Read Frank Gant’s obituary previously published in Allegro.
John Pietaro is the organizing director for Local 802. In addition to being a labor activist and a musician, Pietaro is also a writer and poet. From time to time, we’ll share his poems in Allegro after one of his stories. Below is “Stand, Sonny.”
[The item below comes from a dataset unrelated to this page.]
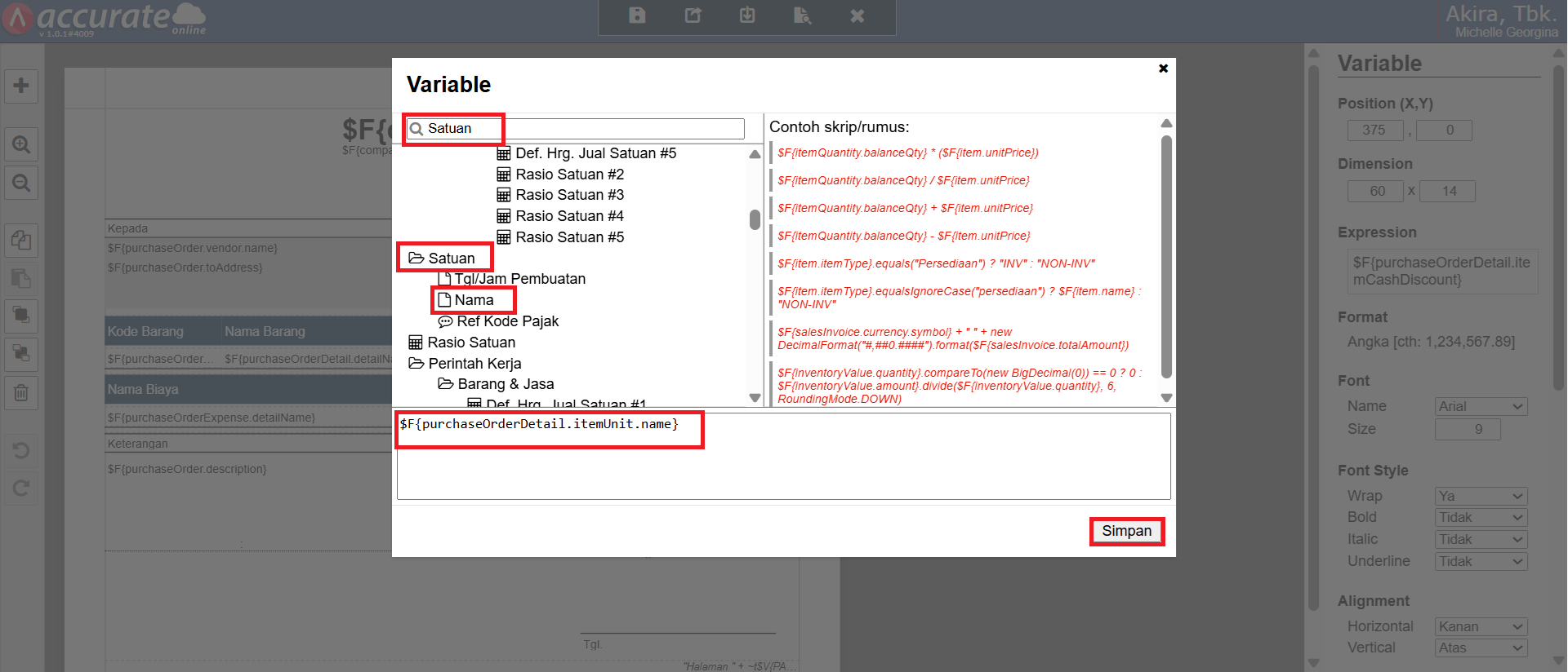 - Klik dua kali kolom variable yang sudah ditambahkan sebelumnya, dan lakukan pencarian atas variable Satuan pada kolom pencarian. Klik variable Satuan hingga tampil informasi $F{purchaseOrderDetail.itemUnit.name} dan klik Simpan.

“Stand, Sonny” by John Pietaro
Sonny, Sonny,
Sonny standing at the bridge,
Sonny, Sonny Boy,
Man, man of many men.
Dancing through his hands,
Fingers astray,
Liberate!
Of mind that they
Shredding what was.
Stand Sonny,
Sonny, Stand.
Dark Midnight, Oxford tone,
Blackest-blue,
The bird already flew to
Paths unknown,
Improvisationally free.
Dum-dum-dap,
Dum-dum-dap,
Dum-dum-de-dum-dum-ber-dum
Dum-dum-de-dap!
Streams of this and
Oceans that;
Phrasing, phrasing, phraseology,
Catch me, catch me,
Oh, Colossus,
St. Thomas,
Saint This or Daemon That,
And old cow hands,
Babs and Bud, Fats, Miles and Monk,
Max and Brownie
Stand, Sonny,
Sonny stand.
Clarinet in newsprint,
Carried in hand,
Choco the sound, no matter
No matter the land.
Stand Sonny, stand,
Freedom banned.
Sonny, Sonny, oh,
Sonny stand!
Flatbush Avenue, June 19, 2020, 6:19PM
-For Sonny Rollins and Juneteenth-
-From John Pietaro’s new book of poetry and fiction, A Bleeding in Black Leather (Uncollected Press 2022)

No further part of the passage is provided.